About Getting Back Home
In David Godman’s presentation of Ramana Maharshi’s teaching, scripture and study are granted a clearly secondary, instrumental role in the movement toward self-realization. Scriptures are portrayed as pointers: they indicate the truth, direct attention toward the Self, and can confirm what is glimpsed through genuine inquiry, but they do not themselves confer realization. Their chief value lies in their capacity to turn the mind inward, to generate clarity and dispassion, and to summarize in conceptual form the essential message that one is already the Self. Once this essential orientation has been grasped, further accumulation of scriptural knowledge is regarded as unnecessary and potentially distracting from the direct work of inquiry.
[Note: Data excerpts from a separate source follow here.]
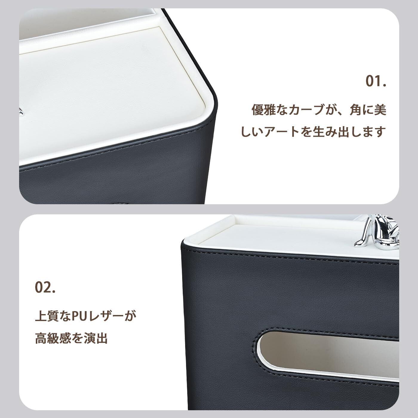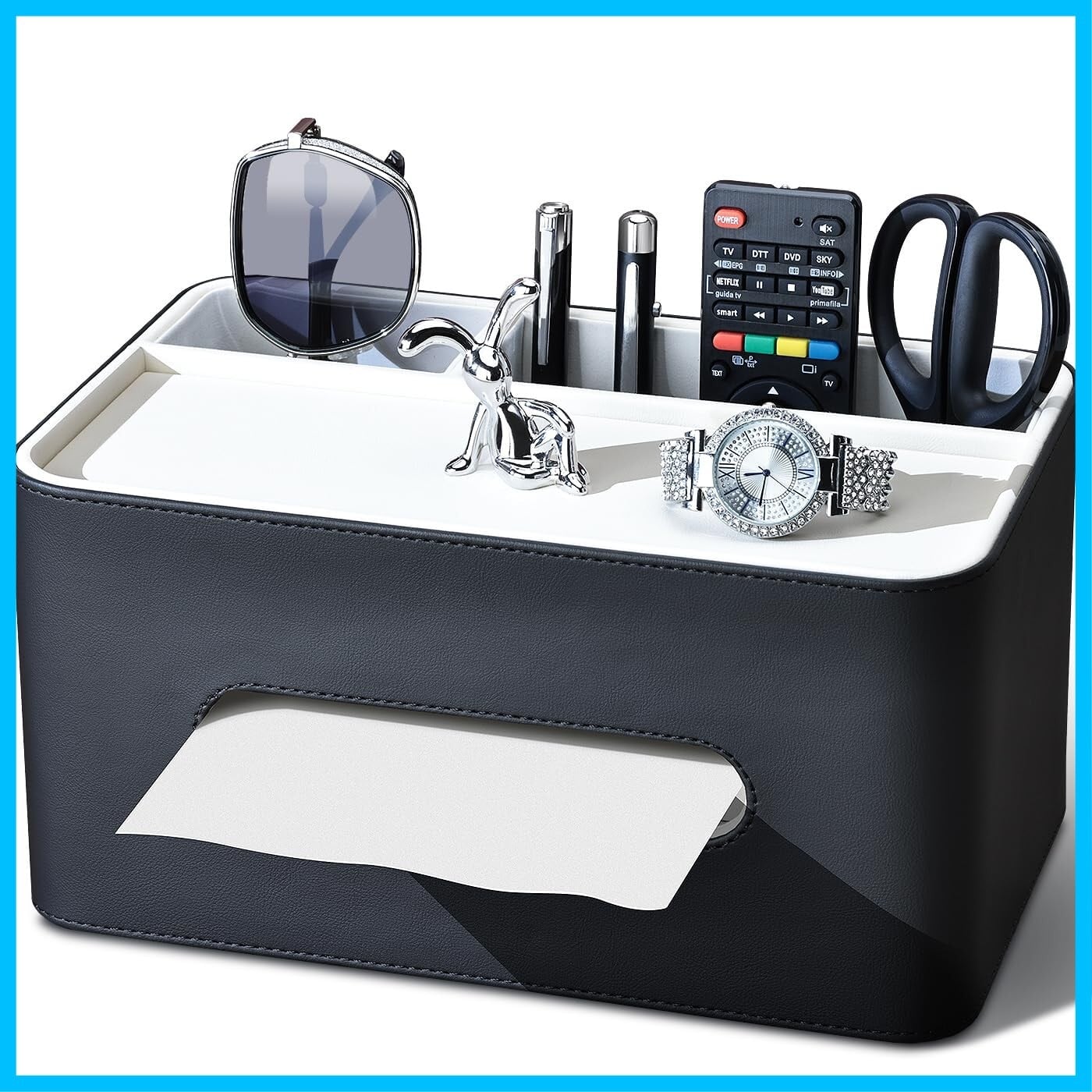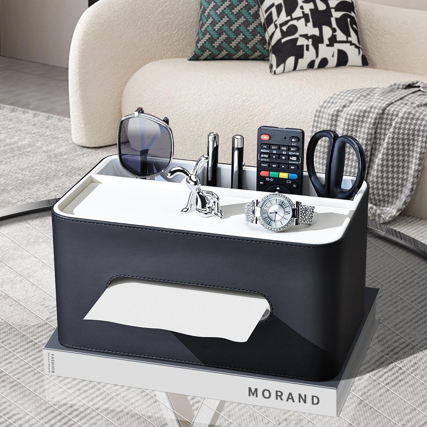KINGFOM ティッシュケース 高級PUレザー製 ティッシュボックス 卓上収納ケース リモコン収納ボックス多機能収納ケース デスクトップ収納 小物収納 ペン立て 北欧風デザインおしゃれで実用的な卓上ティッシュボックス (ブラック×ホワイト)
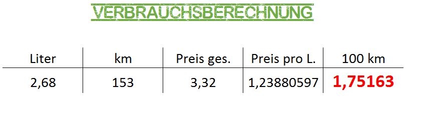 und Verbrauch auf 150km auch gleich dabei Edit: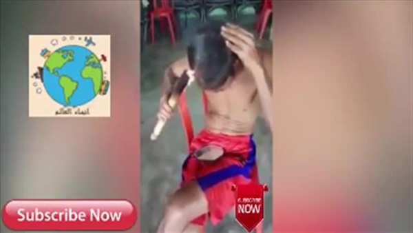 أغرب طرق حلاقة الشعر.. رجل يقصر شعره باستخدام شعلة نار ضخمة في الشارع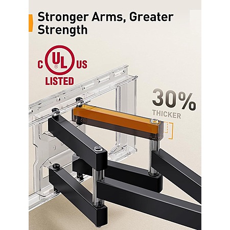 - Solid and Sturdy: Made of heavy-duty steel and dual articulating arms that are 30% thicker, this TV wall mount is UL certified for its performance, durability, and safety, and can easily hold up to 132 lbs. The tv wall mount bracket is equipped with security locks and anti-drop end caps for dependable security.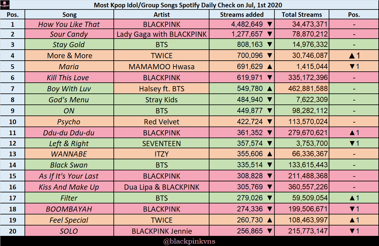 เพลง How You Like That ของ BLACKPINK เป็นเพลงศิลปินกลุ่มเคป๊อปที่มียอดสตรีม (Spotify+YouTube music) สูงสุดในประวัติศาสตร์ อุตสาหกรรมเคป๊อป โดยใน Top 10 มีเพลงของ BP คิดถึง 6 เพลง ส่วน BTS ติด 4 เพลง

Godman also shows that the usefulness of scripture is temperament-dependent. For those with an intellectual bent, study can temporarily serve as a helpful scaffold, providing a conceptual framework that points toward self-inquiry and removes doubts or misconceptions that obstruct practice. In this sense, scripture can purify and prepare the mind, especially when a seeker is not yet ready to abide steadily in the simple investigation of the “I.” Yet even in such cases, scriptural authority is always subordinate to direct experience; when there is any tension between text and realization, it is experiential knowledge that is granted primacy.
A consistent theme in this presentation is that all scriptural teachings ultimately converge on a single, practical injunction: to turn inward and investigate the source of the “I”-sense. When that inward turn is actually undertaken, scripture has fulfilled its purpose and becomes, at best, confirmatory rather than essential. Excessive reliance on books and concepts then risks becoming a hindrance, fostering mental accumulation instead of the non-conceptual awareness that self-inquiry reveals. Thus, scripture and study are acknowledged as useful aids and provisional supports, but never as the core means of awakening to one’s true nature.